“I’d like you to explain how you’ve kept so young-looking and feeling after all these years.”
“That’s easy. I’m just following the new policy of you folks down below and carrying it out to its logical extreme. The modern idea is to regard age as merely a state of mind. Simply refuse to grow old and you’ll find it’s easy enough to stay young. Is your hair getting gray? Never say dye. Is your hair falling out? Get it bobbed. Don’t try camouflaging your face, but keep young inside. Joshua has the right dope: let’s have some lifetime saving. Half a century ago a man was old at forty and a woman put on a cap and sat in the chimney corner when she turned thirty. A girl was an old maid at twenty-five. Today you think there’s something wrong with a grandmother who can’t jazz and nobody knows the meaning of ‘declining years.’ And nobody is too old to decline a cigarette or a dance. They used to say a man ought to retire at seventy. Now it’s hard to get him to retire at midnight, if there’s a good show left in town. Folks are just beginning to enjoy life at sixty.
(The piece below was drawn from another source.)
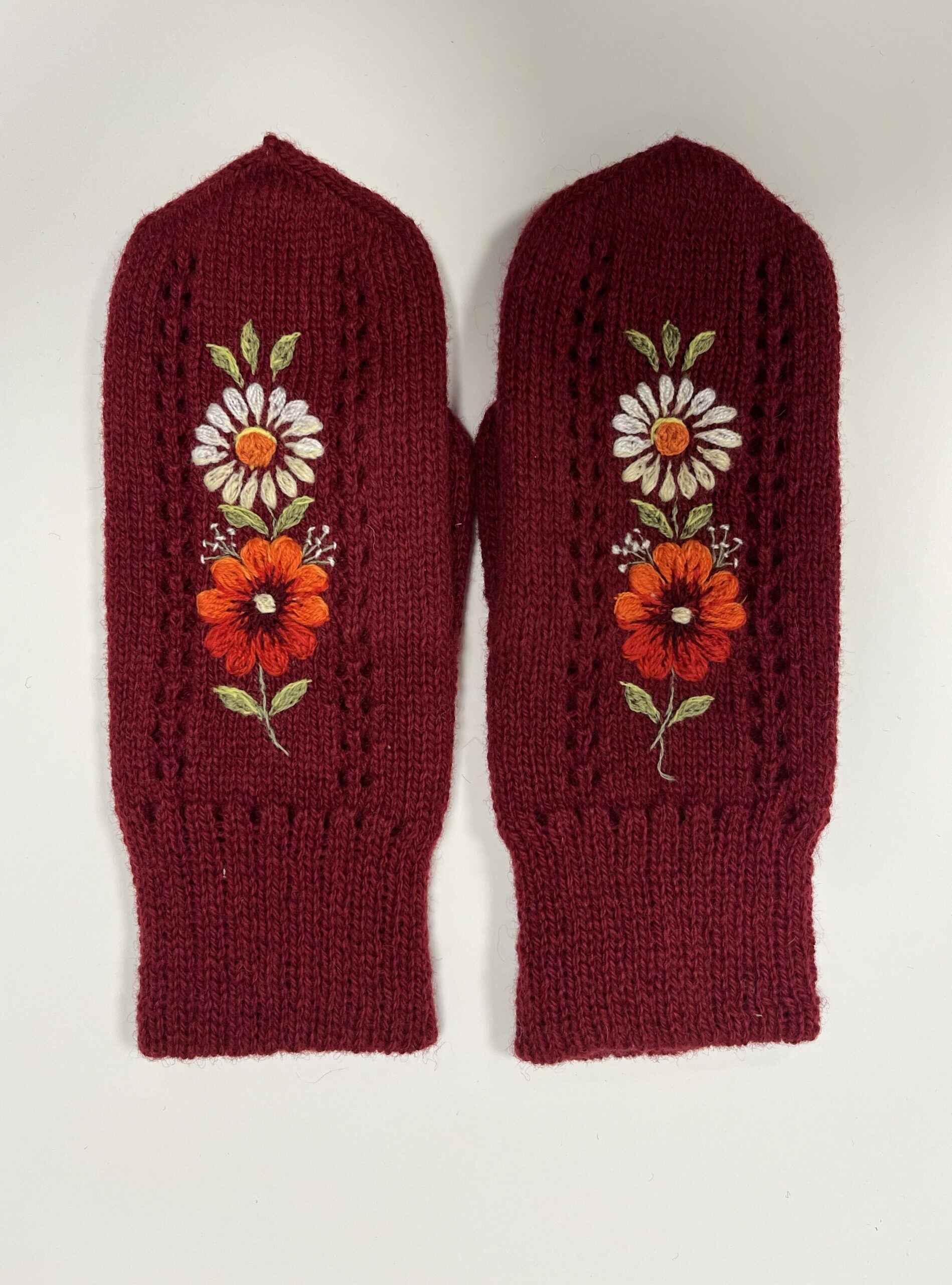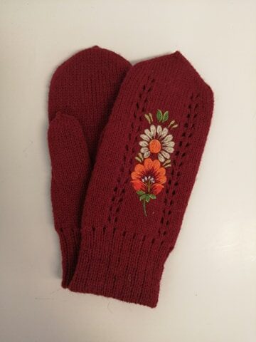 Kinnastel on käsitsi tikitud lillemotiiv.

“All I’ve done is to follow you folk’s example and refuse to be old at nine hundred and sixty-nine. If I can do it, everybody can. How does this jibe with my advice not to try to live to be a hundred, you may ask. That’s perfectly consistent. The way to live long is not to bother about it. I wouldn’t have been five hundred if I’d tried to keep up with the advice of all the insurance experts. I speak from experience. Take the ‘no breakfast’ cranks, for instance. I went without breakfast for one hundred and twenty-five years and I didn’t know what was the matter with me. Then I tried taking a couple of pounds of beefsteak and half a dozen baked potatoes before breakfast every morning, and I felt like a new man. Then, once at the beginning of a century—I forget which one—Mrs. M. got me to swear off on tobacco for a hundred years. We used to make our so-called good resolutions at the start of a century, not of a year, the way you do. The first hundred years may be the hardest, she said, but ‘see how much better you’ll feel.’ Well, I stuck it out about sixty years, and then the whole family came around and besought me on bended knee to go back to hitting the pipe. They said life in our once happy home was getting to resemble a bear garden or a peace conference or a free-for-all prize fight. Better to smoke than to fume. And so I got out the old pipe and smoked up for another six hundred years.
“I wish I’d kept a card index of all the health fads I’ve seen come and go. Once the vegetarians had their inning. Somebody said the secret of health was to eat nothing but onions. It would have been pretty hard to keep the secret. Then we were told to eat only fruit. And once all the cranks decided on an exclusive diet of nuts—sort of cannibalistic when you come to think of it. One winter they said we’d all be healthier with the minimum of underwear—the short and simple flannels of the poor. Another rule for living long was to almost freeze yourself every morning taking a cold bath—I remember one winter I qualified for a zero medal. I ate baled hay and fried sawdust and all sorts of breakfast foods for two or three centuries, under the impression that they were the elixirs of eternal youth, and then one day I found I was getting so weak and wobbly on my pins I cut ’em all out and went back to a good dose of real food, three times a day, to be taken at mealtime. I quit the fads and fancies, ate everything that came my way and let ’em fight it out among themselves. And I broke the world’s record for dodging the undertaker.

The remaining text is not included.